This thesis presents several new developments in the field of manifold learning and nonlinear dimensionality reduction. The main text can be divided into three parts, the first of which presents a smoothness-based regularizer that is specifically tuned to the Parametrized Self-Organizing Map (PSOM). The regularization approach makes it possible to deal with noisy or missing data in a principled manner, and it facilitates the construction of PSOMs from data that are not organized in a grid topology.

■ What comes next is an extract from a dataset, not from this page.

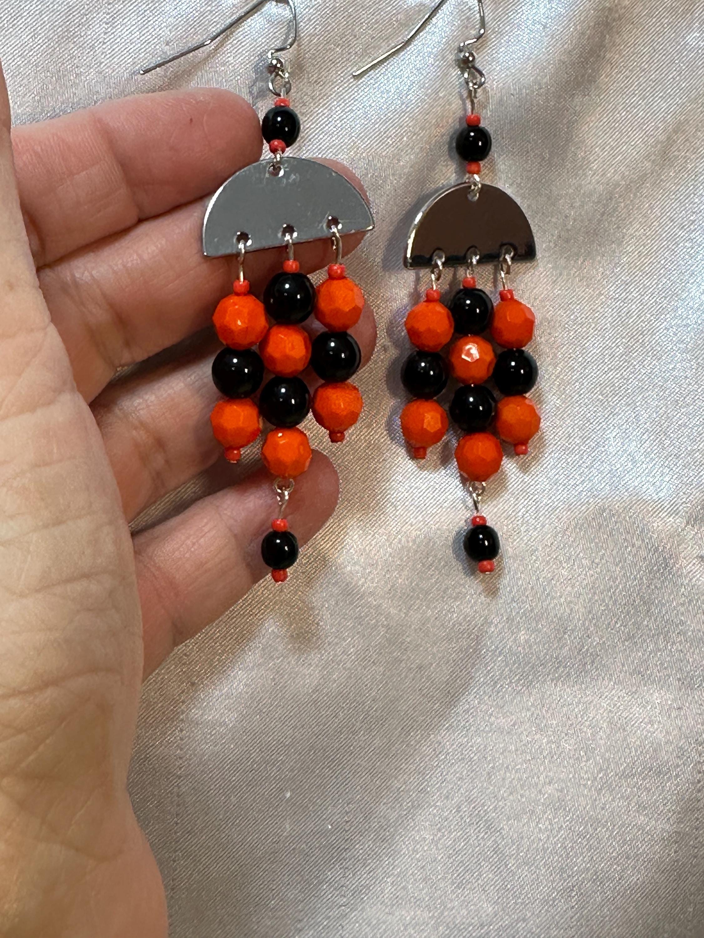 Chandelier style earrings. Spirit and Sports - your team colors - Black and Orange (Go Bengals). What ever your sport, school or event - if black and orange are you colors (Halloween maybe?) these are for you. Black glass 8mm round beads and faceted acrylic orange round beads 8mm hange from a 1/2 circle/moon silver connector creating that chandelier style. Embelished ear wires in silver show off these colors dangling approximately 3 1/4 inches.

In the second part, the manifold learning algorithm Unsupervised Kernel Regression (UKR) is introduced as a counterpart to the classical Nadaraya-Watson estimator. In a nutshell, UKR requires very little parameters to be chosen a priori: In its simplest form, a UKR model is fully specified by the dimensionality of latent space and the choice of a density kernel, and it can be regularized automatically by using leave-one-out cross-validation without additional computational cost. The low dimensional coordinates (latent variables) together with a mapping from latent space to data space are retrieved by minimizing some error criterion.

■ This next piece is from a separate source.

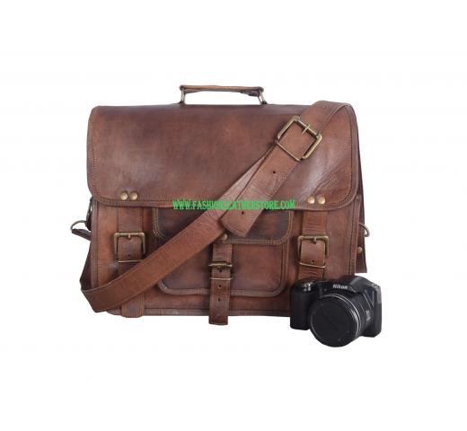 Vintage Goat Leather Messenger Real Satchel Bag, Genuine Laptop Brown Briefcase Bag

The third part presents four possible extensions to UKR, specifically
1) a more general cross-validation scheme, aimed at avoiding unsmooth manifolds,
2) the inclusion of loss functions beyond the usual squared error, which can enhance the robustness towards outliers, and by which UKR can be tuned to specific noise levels,
3) a "landmark" variant which helps to reduce the computational cost, and
4) Unsupervised Local Polynomial Regression, where the Nadaraya-Watson estimator is replaced by local linear or local quadratic regression models, the latter showing less bias in the presence of curvature.